We all know the importance of optimising participant enrolment in clinical trials by now.
It’s fairly obvious isn’t it?
The process of identifying and obtaining participants for a study is a major determinant of a clinical trials success and subsequent commercial relevance. It is therefore a consideration that demands focus, priority and proactive implementation from trial conception to completion.
Without study participants there really is no clinical trial and with too few participants we run the risk of possibly proving nothing at all, (or nothing clinically worthwhile anyway). Researchers and their funding sources can potentially waste numerous efforts and (expensive) resources, including valuable time in which other developing or comparable therapies can affect the population under investigation and render the study intervention superfluous or even ethically unviable.
We must consider the potential impact extending recruitment periods has over time as new evidence from comparable or related studies may influence the appropriateness of continuing one’s own trial by indicating that continual recruitment is inappropriate or by increasing study non-compliance (in instances where participants ‘drop-out’ of study treatment in favour of the new comparator) or forcing trial mangers to expensively redesign studies to maintain statistical power and significance.
We have to ask ourselves, if new evidence arises during the time it has taken to enrol our intended sample that suggests our hypothesis has already been proven, is it clinically worthwhile or ethical to continue? What if the evidence suggests our intervention is inferior or if the therapy has an unacceptable safety profile? We may have to cease the whole study. If excessive attrition in our study sample occurs or accrual is too slow, the initial power calculations will be have inaccurately applied for this new sample total, analysis is limited and any inferences made as to the effect of the intervention will be potentially inconsequential.

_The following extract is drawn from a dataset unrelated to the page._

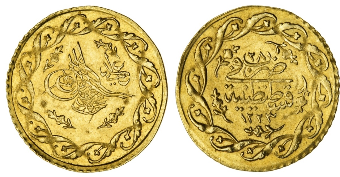 Turkey, Mahmud II (1808-1839), gold Cedid Mahmudiye, 1.59g, Qustantiniye, AH1223 / 28 (KM.645), very fine

It is fair to say that in light of new evidence, we must consider continuing recruitment and enrolment in a study only if we can be assured that:
- Important clinical questions remain unanswered.
- There is an ethical basis for continuation (including opportunity for individual patients to receive treatment)
- Trial mangers and researchers have the ability (resources/statistical power) to answer these revised questions.
There is an obvious need to balance the risks and benefits of people participating in trial with knowledge gained for helping future patients to which the population is representative of. If clear evidence suggests that any new treatment is better than current study intervention then we should not continue the trial or recruitment.